Anyone who takes opiates takes "anti-shit pills" to get high.  Anything that activates μ-opioid receptors in the large intestines causes constipation just like loperamine.  Considering your name is Dankycodone, I'd say you probably use "anti-shit pills" to get high.


----------



## Dankycodone

cegli said:


> Anyone who takes opiates takes "anti-shit pills" to get high.  Anything that activates μ-opioid receptors in the large intestines causes constipation just like loperamine.  Considering your name is Dankycodone, I'd say you probably use "anti-shit pills" to get high.



Yes but lopermide is active in dosages of 1-3mg if it crosses the BBB so its like taking 800mg of hydrocodone to get high. If lopermide is taken in lower dosages it constipates you the same ways as traditional opiates do so your fucking point is stupid.


----------



## scotty2captin

Mystery Brew said:


> Im probably going to give this a go. but I have a few q's
> 
> Any h addicts used it effectively? does it works for the knee pain and insomnia associated with w/ding?
> 
> what is a general starting dose? Im not using to get high, just to take away w/d
> 
> on day 4, only slept 4 hrs max and those 4 hrs only felt like I just blink and woke up



Ya i used in coming off of iv heroin (half bun a day for 4 months) and it helps with the shits.  Nothing else.  Personally i feel the stomach cramps and the shits are worse than the body cramps... I can ignore those well enough but i can't be back and forth every 15 seconds

Oh ya... I would take like 10-20 of them (so 20-40 mgs) and I don't think there is any advantage to taking more, you're not going to get high

Also, can anyone go through this thread and change every instance of "opiate" with "opiod"


----------



## cegli

Dankycodone said:


> Yes but lopermide is active in dosages of 1-3mg if it crosses the BBB so its like taking 800mg of hydrocodone to get high.
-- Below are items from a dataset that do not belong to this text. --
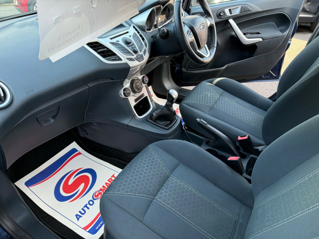 Lovely Ford fiesta comes with 12 months mot and service in alloy wheels (195/50 tyres) with locking wheel nuts, body coloured bumpers, body coloured rear spoiler, electrically - operated/heated door mirrors with integrated side indicators, 60/40 split folding back and fixed cushion, centre console, electrically - operated front windows with one - touch lowering/closing on drivers side, four front speakers, leather gear knob, leather trimmed 3 - spoke steering wheel, manual 4 - way driver seat adjust, manual air-conditioning, quickclear heated windscreen, radio/cd, mp3 compatible, multifunctional 2 - line display, aux connection, rake and reach adjustable steering column, remote audio controls, trip computer, two cup holders, upholstery cloth, accessory power socket (12v), anti-lock brakes, emergency brake assist (eba), centre high - mounted rear brake light, centre rear seat belt, drivers airbag, drivers knee airbag, electric power assisted steering (epas), electronic brake - force distribution (ebd), electronic stability programme (esp), front fog lights with chrome bezel rings, front side airbag (head and thorax), front and rear head restraints, isofix mounting brackets for child seat (rear outer seats only), immobiliser, passengers airbag, remote central locking with two keys, seat buckle pre-tensioners on front seat belts, traction assist, tyre mobility kit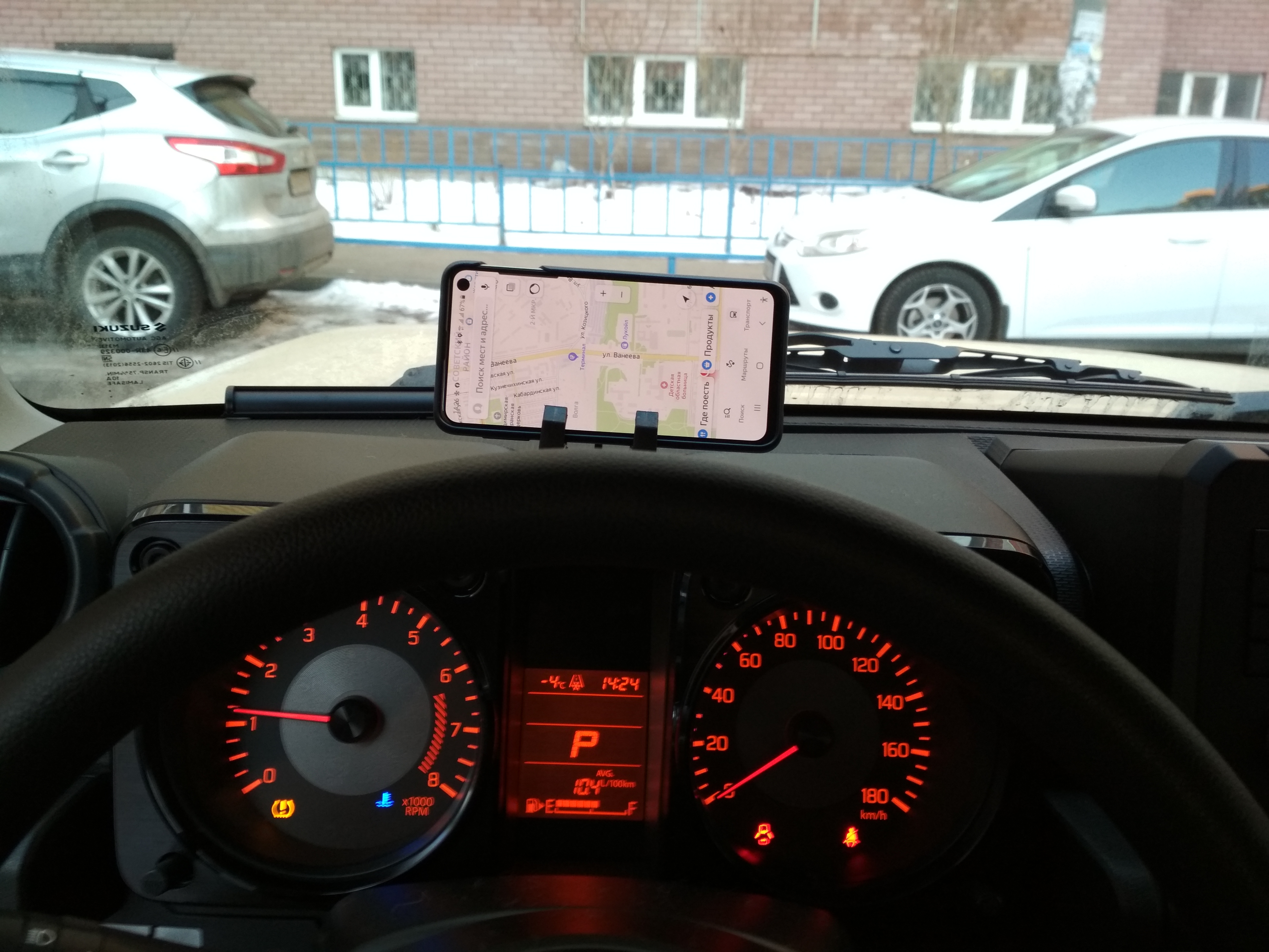 Спасибо! В горизонтальном положении сильно мешает на приборке обзору спереди? В навигатор то точно смотреть самое удобное расположение.Сфоткала. Держится крепко.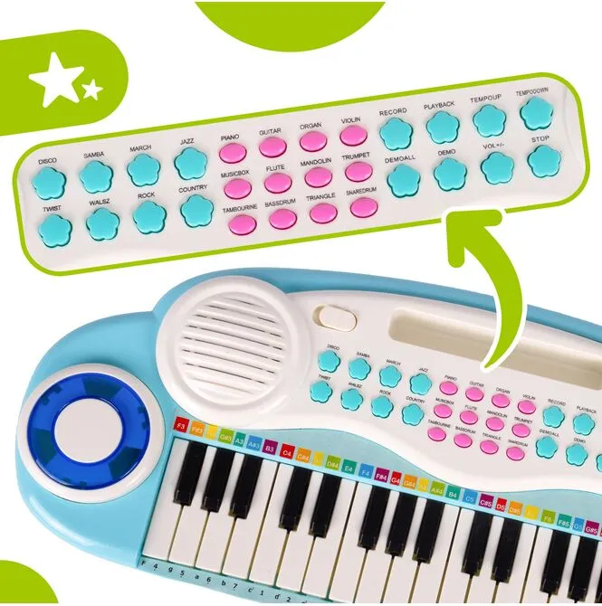 - klawiatura: dziecięca, wygodny skok klawiszy (z oznaczeniami nut)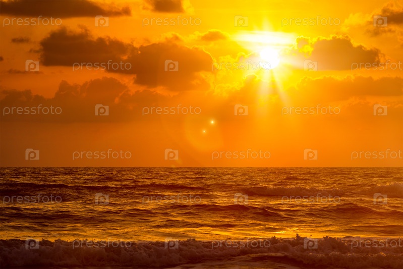 Закат к океану в Багхе, Гоа, Индия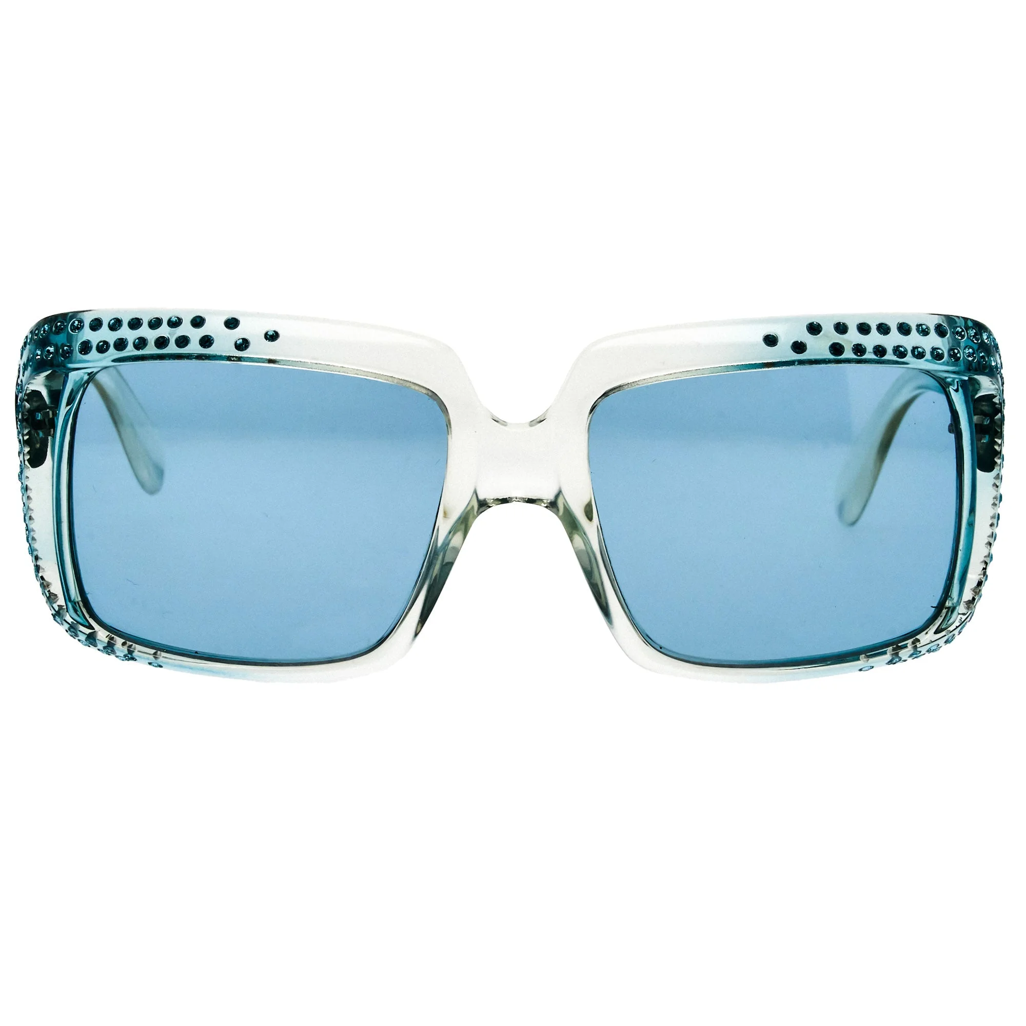 The Versace 384S 742 sunglasses, with its blue transparent frame and iconic square silhouette, is a rare vintage sunglasses find for collectors. Vintage Versace sunglasses became iconic symbols of Miami’s vibrant fashion scene in the 1990s, embodying the city’s bold style and cosmopolitan flair. Gianni Versace, inspired by Miami’s energy, crafted designs that celebrated luxury and extravagance. The Medusa head and Greek Key patterns symbolized beauty and Italian heritage, turning each pair into a statement piece. In Miami, where the sun shines year-round and fashion thrives, these sunglasses were essential, worn by celebrities, socialites, and trendsetters who made Miami their playground. As Versace’s designs were embraced globally, these sunglasses brought a piece of Miami’s unique style to cities around the world, spreading the daring, sun-soaked elegance of South Beach. Vintage Frames Company is proud to carry the largest collection of authentic vintage Versace sunglasses, offering you the chance to experience Miami’s influence on fashion firsthand. Our collection celebrates a legacy that began in Miami but resonated with style lovers everywhere.

If lopermide is taken in lower dosages it constipates you the same ways as traditional opiates do so your fucking point is stupid.



True, but I'd think that your intestinal u-opioid receptors become mostly saturated at a certain point, and the increased dosage will not result in much more constipation.  From reports of people taking high doses of opiates, it sounds like the constipation is not much different from the lopermide constipation, indicating possible intestinal receptor saturation.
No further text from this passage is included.